When President Obama signed the U.S. Farm Bill early this year, Malinger said, that alone brought about reforms “enabling our aid to reach at least half a million more people worldwide.”
The bottom line, he said, is for people to urge their elected officials to support the Supplemental Nutrition Assistance Program, formerly known as the food stamp program. “We call on Congress to pass HR 2384, the Food Security Improvement Act of 2013, which would increase benefits for all SNAP recipients and help ensure that families are able to put food on the table every day of the month. SNAP feeds those who are hungry, and this program should be a priority for all Americans,” Malinger said.
The convention also offers other sessions of special interest to Jewish audiences, said Joe Ritacco of Holmdel, a panel moderator, member of the GUC planning committee, and an MCWRET board member.
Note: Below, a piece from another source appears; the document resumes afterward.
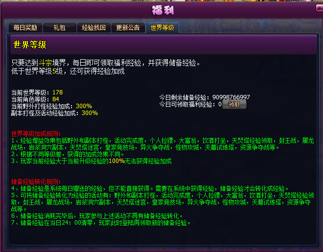 2)世界等级越高,获得的福利经验及储备经验也越高。

He cited two films in particular.
A Bottle in the Gaza Sea, being shown Tuesday, April 8, at 7:25 p.m. in the Monmouth University Pollak Theater, traces the story of a Palestinian youth in Gaza and a Jewish girl in Jerusalem who engage in an e-mail correspondence. Following the film, Professor Marina Vujnovic will lead a discussion.
At a screening of My So-Called Enemy on Thursday, April 10, 8-9:45 a.m. in the H.R. Young Auditorium, director Lisa Gossels will take part in a discussion. Ritacco and Saliba Sarsar — a professor of political science and associate vice president for global initiatives at the university —will cohost the event.
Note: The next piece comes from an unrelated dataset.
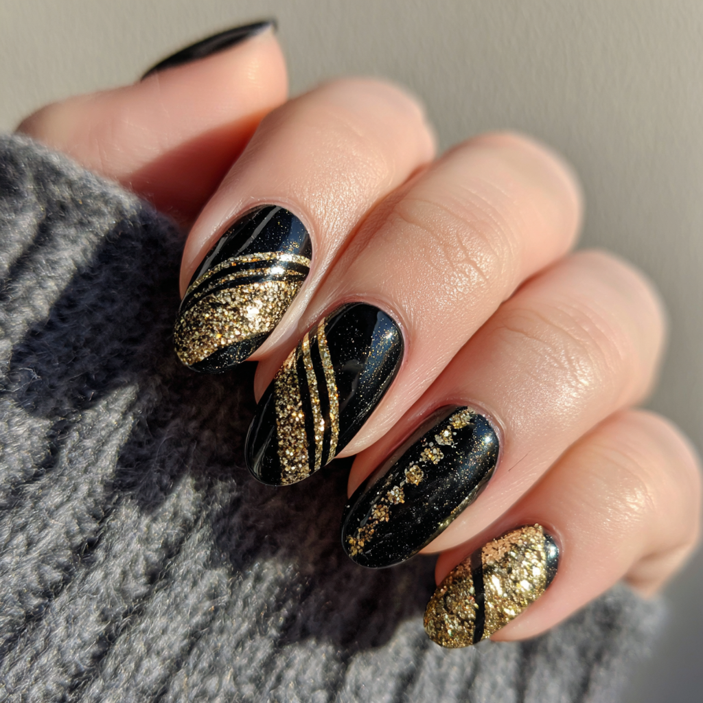 For those who like their Christmas aesthetic a little moodier, black nails with a single gold accent are it. The combo is bold but minimalist, and it looks amazing with literally every holiday outfit.

In a phone interview, Gossels told NJJN that her documentary film follows six young Israeli and Palestinian women for seven years, starting in their teens and progressing into their 20s. Each year they spend 10 days in the United States, living together in the same house under the auspices of a Denver-based women’s leadership program called Building Bridges for Peace. While most of the film takes place in Israel and the Palestinian territories, an early segment is set in Bridgeton, NJ.
In the course of the film, Gossels said, the women undergo what the director called “transformative experiences,” getting to know each other as human beings, but then having to return to the divisive political and cultural realities of life in the Middle East.